Why doesn't (...)? regular expression capture the string? - c++

I have a code where a QString is being modified using a regular expression:
QString str; // str is the string that shall be modified
QString pattern, after; // pattern and after are parameters provided as arguments
str.replace(QRegularExpression(pattern), after);
Whenever I need to append something to the end of the string I use the arguments:
QString pattern("$");
QString after("ending");
Now I have a case where the same pattern is being applied two times, but it shall append the string only once. I expected that this should work (I assume that the initial string doesn't end on "ending"):
QString pattern("(ending)?$");
QString after("ending");
But if applied twice this pattern produces double ending: "<initial string>endingending".
Looks like the ()? expression is lazy, and it captures the expression in parentheses if I force it with a sub-expression before:
QString pattern("string(ending)?$");
QString after("ending");
QString str("Init string");
str.replace(QRegularExpression(pattern), after);
// str == "Init ending"
What's wrong with the "()?" construction (why it is lazy) and how to achieve my goal?
I'm using Qt 5.14.0 (due to some dependencies I cannot use Qt6).

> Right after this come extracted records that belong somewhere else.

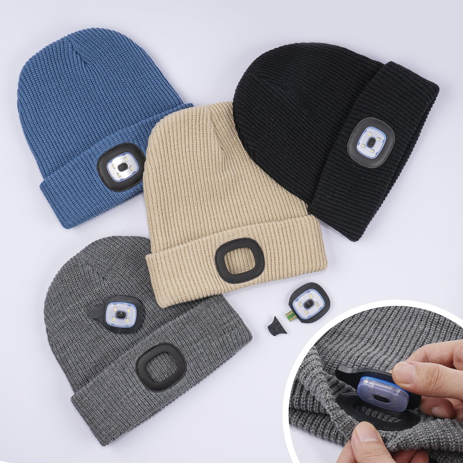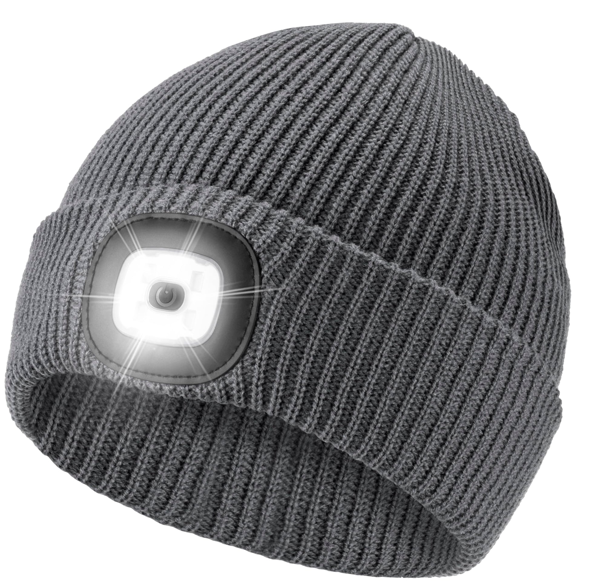 Etsfmoa Unisex Hat with Light,Winter Knitted Lighted Beanie for Men and Women,Rechargeable LED Cap
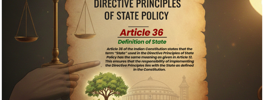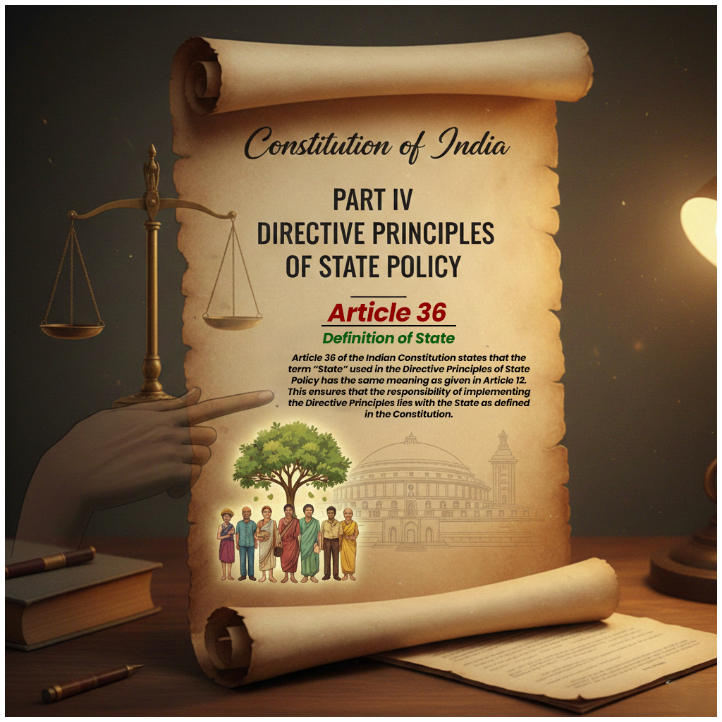 Article 36 कहता है कि DPSP में “राज्य” का वही अर्थ होगा जो Article 12 में दिया गया है।
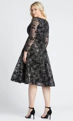 Mac Duggal 9142 – Long Sleeve Illusion Neckline Tea Length Dress

A pattern like (foo)?$ matches twice at the end of a string ending with foo. You can see easily in action in Perl or https://regex101.com/r/3Oqwo1/1 :
$ perl -E '$_ = "abcfoo"; while ($_ =~ /(foo)?$/g) { say "Matched |$&| from $-[0] to $+[0]"; }'
Matched |foo| from 3 to 6
Matched || from 6 to 6
Therefore you'll do two substitutions at the end, neglecting your purpose.
(A way to see this is that patterns match between characters:
/-----------\
v v first pattern matches here
| a | b | c | f | o | o |
^ ^
\-/ second pattern matches here
If the "tail" is fixed-length, you can use a negative lookbehind, like already suggested: (?<!foo)$.
$ perl -E '$_ = "abcfoo"; while ($_ =~ /(?<!foo)$/g) { say "Matched |$&| from $-[0] to $+[0]"; }'
# no match
$ perl -E '$_ = "abcfie"; while ($_ =~ /(?<!foo)$/g) { say "Matched |$&| from $-[0] to $+[0]"; }'
Matched || from 6 to 6
Note that there's no .* before, nor ? after the negative lookbehind. If you add them, you'll again break the matching:
$ perl -E '$_ = "abcfie"; while ($_ =~ /.*(?<!foo)$/g) { say "Matched |$&| from $-[0] to $+[0]"; }'
Matched |abcfie| from 0 to 6
Matched || from 6 to 6
Global matching will happen twice in abcfie, once matching the entire string, and again matching the empty string at the end (look at the offsets). This will result in 2 replacements.
perl -E '$_ = "abcfoo"; while ($_ =~ /(?<!foo)?$/g) { say "Matched |$&| from $-[0] to $+[0]"; }'
Matched || from 6 to 6
This will match at the very end of the string, resulting in a replacement that you don't want (string already ends in foo).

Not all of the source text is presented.